SuperQode is your portable coding agent harness. You can keep the default native loop, or opt into a different backend with one flag. Runtime adapters are peers behind the same harness contract.

Runtime Versus Harness

A harness describes what should happen. A runtime performs it.

Term Role
Harness User-facing contract for flavor, tools, model policy, sandbox, workflow, output, and events
Runtime Execution engine that runs the harness
Runtime adapter Code that maps a SuperQode harness into a specific SDK or agent framework
Framework adapter A runtime adapter backed by an external agent framework

This distinction matters because users should be able to keep the same harness behavior while changing the execution engine. When an engine cannot honor a policy, SuperQode reports that clearly.

Runtime Install Notes
builtin included SuperQode's native loop. This is the default and the canonical path for local-model and no-tool policy.
adk pip install superqode[adk] Google Agent Development Kit. Uses ADK's Runner and LlmAgent.
openai-agents pip install superqode[openai-agents] OpenAI Agents SDK v0.17+. Includes SDK sessions, tool bridging, and HITL support.
codex-sdk pip install superqode[codex-sdk] Official OpenAI Codex Python SDK runtime. Drives the published openai-codex package and its local app-server.
claude-agent-sdk pip install superqode[claude-agent-sdk] Anthropic Claude Agent SDK runtime (API key via ANTHROPIC_API_KEY). Drives claude-agent-sdk + the local Claude Code CLI; :claude exposes model/permission/sessions/slash-commands.
deepagents pip install superqode[deepagents] Optional DeepAgents 0.6 runtime for graph and middleware-heavy coding harnesses.
pydanticai pip install superqode[pydanticai] Optional PydanticAI runtime with SuperQode JSON-schema tool bridging, approval resume, native MCP config loading, fallback chains, and typed-output-friendly harness support.
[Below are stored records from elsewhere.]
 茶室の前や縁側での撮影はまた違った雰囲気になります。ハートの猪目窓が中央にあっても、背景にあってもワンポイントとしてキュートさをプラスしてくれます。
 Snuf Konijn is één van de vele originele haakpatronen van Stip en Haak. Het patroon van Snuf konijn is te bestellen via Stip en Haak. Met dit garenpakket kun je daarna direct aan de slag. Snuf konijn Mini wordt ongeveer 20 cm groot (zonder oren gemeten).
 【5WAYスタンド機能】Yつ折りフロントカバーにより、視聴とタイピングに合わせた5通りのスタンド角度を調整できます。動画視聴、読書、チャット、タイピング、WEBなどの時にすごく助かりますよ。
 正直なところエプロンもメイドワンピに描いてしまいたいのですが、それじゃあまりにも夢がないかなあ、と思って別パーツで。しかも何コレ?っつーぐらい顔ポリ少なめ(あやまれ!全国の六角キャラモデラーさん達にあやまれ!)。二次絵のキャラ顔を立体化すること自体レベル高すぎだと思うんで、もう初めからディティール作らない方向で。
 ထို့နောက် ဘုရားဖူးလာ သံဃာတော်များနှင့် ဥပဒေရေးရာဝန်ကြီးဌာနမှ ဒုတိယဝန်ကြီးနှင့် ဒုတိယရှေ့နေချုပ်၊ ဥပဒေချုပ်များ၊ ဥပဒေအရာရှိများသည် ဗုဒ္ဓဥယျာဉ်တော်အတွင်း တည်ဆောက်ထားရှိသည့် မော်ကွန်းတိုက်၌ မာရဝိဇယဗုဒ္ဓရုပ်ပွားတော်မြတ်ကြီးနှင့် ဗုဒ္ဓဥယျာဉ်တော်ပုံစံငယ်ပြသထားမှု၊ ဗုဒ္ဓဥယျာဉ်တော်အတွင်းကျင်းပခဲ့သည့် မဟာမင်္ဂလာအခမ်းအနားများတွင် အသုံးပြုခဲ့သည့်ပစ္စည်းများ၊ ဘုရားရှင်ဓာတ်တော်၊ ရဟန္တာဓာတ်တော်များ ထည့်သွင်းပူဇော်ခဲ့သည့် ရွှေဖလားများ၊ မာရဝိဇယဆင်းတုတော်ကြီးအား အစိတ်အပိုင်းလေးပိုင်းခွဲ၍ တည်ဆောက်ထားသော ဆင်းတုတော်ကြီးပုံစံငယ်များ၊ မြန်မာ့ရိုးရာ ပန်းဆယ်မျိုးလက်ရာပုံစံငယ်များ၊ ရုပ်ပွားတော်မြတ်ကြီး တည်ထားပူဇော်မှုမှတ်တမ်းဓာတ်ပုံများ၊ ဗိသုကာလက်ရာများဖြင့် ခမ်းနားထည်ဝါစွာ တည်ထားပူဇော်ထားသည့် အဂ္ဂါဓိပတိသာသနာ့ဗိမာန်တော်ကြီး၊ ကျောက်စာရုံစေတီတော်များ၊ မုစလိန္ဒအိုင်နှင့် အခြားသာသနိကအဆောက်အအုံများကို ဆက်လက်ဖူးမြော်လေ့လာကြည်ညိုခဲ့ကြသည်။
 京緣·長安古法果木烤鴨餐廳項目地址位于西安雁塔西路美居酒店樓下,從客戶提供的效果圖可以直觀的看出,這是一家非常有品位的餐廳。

Runtime backends implement the same SuperQode harness contract where their underlying framework can honor it. If a backend cannot support a harness policy, it should fail clearly rather than silently degrading the run.

Picking A Runtime

Precedence, highest first:

  1. CLI flag: --runtime adk
  2. superqode.yaml: superqode.runtime: adk
  3. Env var: SUPERQODE_RUNTIME=adk
  4. Default: builtin

CLI

superqode --runtime adk
superqode --runtime openai-agents --print "summarize this repository"
superqode --runtime codex-sdk --print "summarize this repository"
superqode harness run --spec harness.yaml --runtime pydanticai --prompt "reason about this design"

YAML

superqode:
  runtime: openai-agents

Env Var

SUPERQODE_RUNTIME=adk superqode --print "summarize README.md"

TUI

Switch backends from inside a running session without restarting:

:runtime list          # list runtimes with status (ready / missing + install hint / stub)
:runtime codex-sdk     # swap to a runtime by name; the status-bar badge updates

The swap takes effect on your next message, which reconnects on the new backend. Precedence (CLI > YAML > env) still applies to the initial runtime.
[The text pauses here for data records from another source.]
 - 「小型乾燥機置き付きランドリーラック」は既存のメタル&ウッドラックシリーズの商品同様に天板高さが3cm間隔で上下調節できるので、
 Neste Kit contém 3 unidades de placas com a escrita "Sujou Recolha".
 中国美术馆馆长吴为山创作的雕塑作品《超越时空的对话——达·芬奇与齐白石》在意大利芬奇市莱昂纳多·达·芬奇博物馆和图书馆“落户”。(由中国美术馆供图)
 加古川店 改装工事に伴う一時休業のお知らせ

Connection Sources (:connect)

:connect chooses what you connect to (a product/account), while runtime is the engine that executes it. The picker is profile-driven and shows live status:

:connect
  [1] ACP agent            Any external ACP agent (incl. your local Claude Code)
  [2] BYOK provider        Your API key, such as OpenAI, Anthropic, or Gemini
  [3] Local model          Ollama / MLX / vLLM / LM Studio ...
  [4] Codex subscription   Drive OpenAI Codex with your ChatGPT/Codex login (~/.codex)
  [5] Claude Agent SDK     Use your Anthropic API key via claude-agent-sdk
  [6] Antigravity CLI      Use Google's local agy CLI; Gemini CLI migration path
  [7] Advanced runtime     Pick the execution engine (builtin / openai-agents / ...)

Claude has one headline entry: Claude Agent SDK (API key via ANTHROPIC_API_KEY). Your local Claude Code (subscription login) is reached through ACP agent like any other ACP agent. It is not duplicated as its own profile. Neither path implies SuperQode using a Claude Pro/Max subscription.

Direct commands and CLI:

:connect codex            # in the TUI, uses your Codex subscription
:connect claude           # use Claude Agent SDK with ANTHROPIC_API_KEY
:connect antigravity      # show the local agy handoff + Gemini migration hints
:connect acp              # generic ACP picker, including local Claude Code
superqode --connect codex # launch already on Codex
superqode --connect codex --print "summarize this repo"   # headless

Each source maps to a connector internally: Codex โ†’ the codex-sdk runtime (self-contained, ~/.codex auth); Claude โ†’ the claude-agent-sdk runtime (ANTHROPIC_API_KEY); Antigravity โ†’ the local agy CLI handoff; BYOK/Local โ†’ the builtin runtime + provider/model, with an optional runtime override; Advanced โ†’ the raw :runtime picker.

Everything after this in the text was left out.